Saat video game Monster Saku Merah & Hijau dirilis di Jepang pada tanggal 27 Februari 1996 di konsol Game Boy Nintendo, tidak ada yang membayangkan bahwa permainan peran berdasarkan penangkapan makhluk, dibuat oleh Satoshi Tajiri berdasarkan hasrat masa kecilnya untuk berburu serangga, dan dikembangkan oleh studio Game Freak, akan menjadi 30 tahun kemudian – dengan nama Pokémon, singkatan dari Pocket Monsters – waralaba media paling menguntungkan di dunia dengan keuntungan kumulatif hampir 126 miliar euro sejak diluncurkan.
“Game-game ini membutuhkan waktu enam tahun untuk dikembangkan, dan dirilis pada mesin pada akhir masa pakainya.
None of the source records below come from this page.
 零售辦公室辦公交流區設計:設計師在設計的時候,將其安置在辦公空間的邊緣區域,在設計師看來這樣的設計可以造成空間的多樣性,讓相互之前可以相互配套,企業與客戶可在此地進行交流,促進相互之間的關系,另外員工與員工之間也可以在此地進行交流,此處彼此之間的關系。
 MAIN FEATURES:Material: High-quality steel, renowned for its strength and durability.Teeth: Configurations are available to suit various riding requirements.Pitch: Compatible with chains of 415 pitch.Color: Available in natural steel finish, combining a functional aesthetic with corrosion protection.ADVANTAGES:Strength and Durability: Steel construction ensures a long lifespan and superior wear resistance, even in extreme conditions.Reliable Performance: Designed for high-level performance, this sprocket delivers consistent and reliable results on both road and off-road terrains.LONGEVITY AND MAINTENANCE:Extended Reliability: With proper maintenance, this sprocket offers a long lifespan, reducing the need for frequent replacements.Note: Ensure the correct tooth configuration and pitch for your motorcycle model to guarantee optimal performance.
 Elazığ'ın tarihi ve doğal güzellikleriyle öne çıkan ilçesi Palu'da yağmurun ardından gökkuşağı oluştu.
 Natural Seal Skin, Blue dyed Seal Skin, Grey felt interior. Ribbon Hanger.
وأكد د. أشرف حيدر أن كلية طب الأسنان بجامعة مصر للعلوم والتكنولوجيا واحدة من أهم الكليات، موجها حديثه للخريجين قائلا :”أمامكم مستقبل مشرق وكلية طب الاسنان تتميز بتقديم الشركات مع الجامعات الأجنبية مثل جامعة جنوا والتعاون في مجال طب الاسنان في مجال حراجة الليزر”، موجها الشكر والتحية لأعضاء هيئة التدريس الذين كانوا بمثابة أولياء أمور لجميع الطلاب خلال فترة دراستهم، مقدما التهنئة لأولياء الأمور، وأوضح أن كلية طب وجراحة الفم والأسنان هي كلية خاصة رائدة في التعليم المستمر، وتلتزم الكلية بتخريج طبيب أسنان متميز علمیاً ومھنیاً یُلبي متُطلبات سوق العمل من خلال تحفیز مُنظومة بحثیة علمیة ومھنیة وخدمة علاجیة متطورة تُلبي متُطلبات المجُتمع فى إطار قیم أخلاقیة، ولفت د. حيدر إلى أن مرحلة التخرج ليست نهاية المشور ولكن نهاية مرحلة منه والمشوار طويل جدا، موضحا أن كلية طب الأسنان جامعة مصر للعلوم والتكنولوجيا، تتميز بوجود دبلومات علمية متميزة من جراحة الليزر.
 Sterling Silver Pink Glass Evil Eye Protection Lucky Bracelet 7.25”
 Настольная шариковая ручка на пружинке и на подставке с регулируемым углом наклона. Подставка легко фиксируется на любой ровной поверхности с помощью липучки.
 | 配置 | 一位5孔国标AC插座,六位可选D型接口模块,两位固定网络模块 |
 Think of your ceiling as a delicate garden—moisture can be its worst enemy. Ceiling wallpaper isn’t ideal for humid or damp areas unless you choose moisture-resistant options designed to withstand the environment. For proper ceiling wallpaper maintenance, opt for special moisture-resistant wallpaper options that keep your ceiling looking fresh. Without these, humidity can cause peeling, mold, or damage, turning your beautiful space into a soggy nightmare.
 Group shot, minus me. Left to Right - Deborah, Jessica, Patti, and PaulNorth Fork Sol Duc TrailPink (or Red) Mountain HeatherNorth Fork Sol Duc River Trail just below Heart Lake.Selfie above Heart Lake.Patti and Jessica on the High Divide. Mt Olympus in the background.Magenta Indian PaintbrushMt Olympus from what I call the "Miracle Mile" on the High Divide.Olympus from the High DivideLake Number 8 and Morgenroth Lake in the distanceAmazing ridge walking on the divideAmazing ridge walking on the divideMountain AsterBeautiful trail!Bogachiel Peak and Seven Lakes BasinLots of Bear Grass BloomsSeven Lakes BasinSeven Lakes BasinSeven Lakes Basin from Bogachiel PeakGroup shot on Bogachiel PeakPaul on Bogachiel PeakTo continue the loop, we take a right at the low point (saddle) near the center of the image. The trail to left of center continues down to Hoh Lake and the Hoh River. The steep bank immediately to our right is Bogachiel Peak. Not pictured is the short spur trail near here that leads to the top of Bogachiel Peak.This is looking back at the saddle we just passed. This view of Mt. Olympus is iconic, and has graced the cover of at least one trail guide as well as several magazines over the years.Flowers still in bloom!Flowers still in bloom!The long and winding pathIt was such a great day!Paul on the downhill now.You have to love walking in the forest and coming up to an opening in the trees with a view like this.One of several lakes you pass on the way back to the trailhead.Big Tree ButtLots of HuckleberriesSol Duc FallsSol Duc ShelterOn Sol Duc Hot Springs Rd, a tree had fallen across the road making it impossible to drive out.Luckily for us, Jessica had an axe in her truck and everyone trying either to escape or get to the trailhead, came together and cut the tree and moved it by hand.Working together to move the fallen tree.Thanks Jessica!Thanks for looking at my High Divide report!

Pada saat itu, tidak ada seorang pun yang mengharapkannya,” kenang Grégoire Hellot, yang pada tahun 1996 adalah seorang jurnalis yang mengkhususkan diri pada video game Jepang untuk majalah tersebut. papan kegembiraan. “Game Boy telah menjadi konsol anak bungsu. Namun, penonton anak-anak inilah yang menjadi sasaran permainan tersebut, dan informasi dari mulut ke mulut sangat fenomenal. Di taman bermain, kami tidak hanya bertukar makhluk dari satu kartrid ke kartrid lainnya, yang belum pernah terjadi sebelumnya, tetapi juga rahasia yang kurang lebih sebenarnya, seperti 151e Pokémon yang akan ditempatkan tanpa sepengetahuan Nintendo. Sebuah mistik tercipta dan berkontribusi pada kesuksesan game tersebut,” garis bawah pria yang kini menjadi direktur koleksi Kurokawa Editions, yang menerbitkan manga Pokémon di Prancis. Merah & Hijau (bergabung beberapa bulan kemudian dengan versi Biru ) adalah game terlaris di Jepang pada tahun 1996 dan 1997 – suatu prestasi yang tidak pernah terulang sejak saat itu – dengan total 10,23 juta kopi.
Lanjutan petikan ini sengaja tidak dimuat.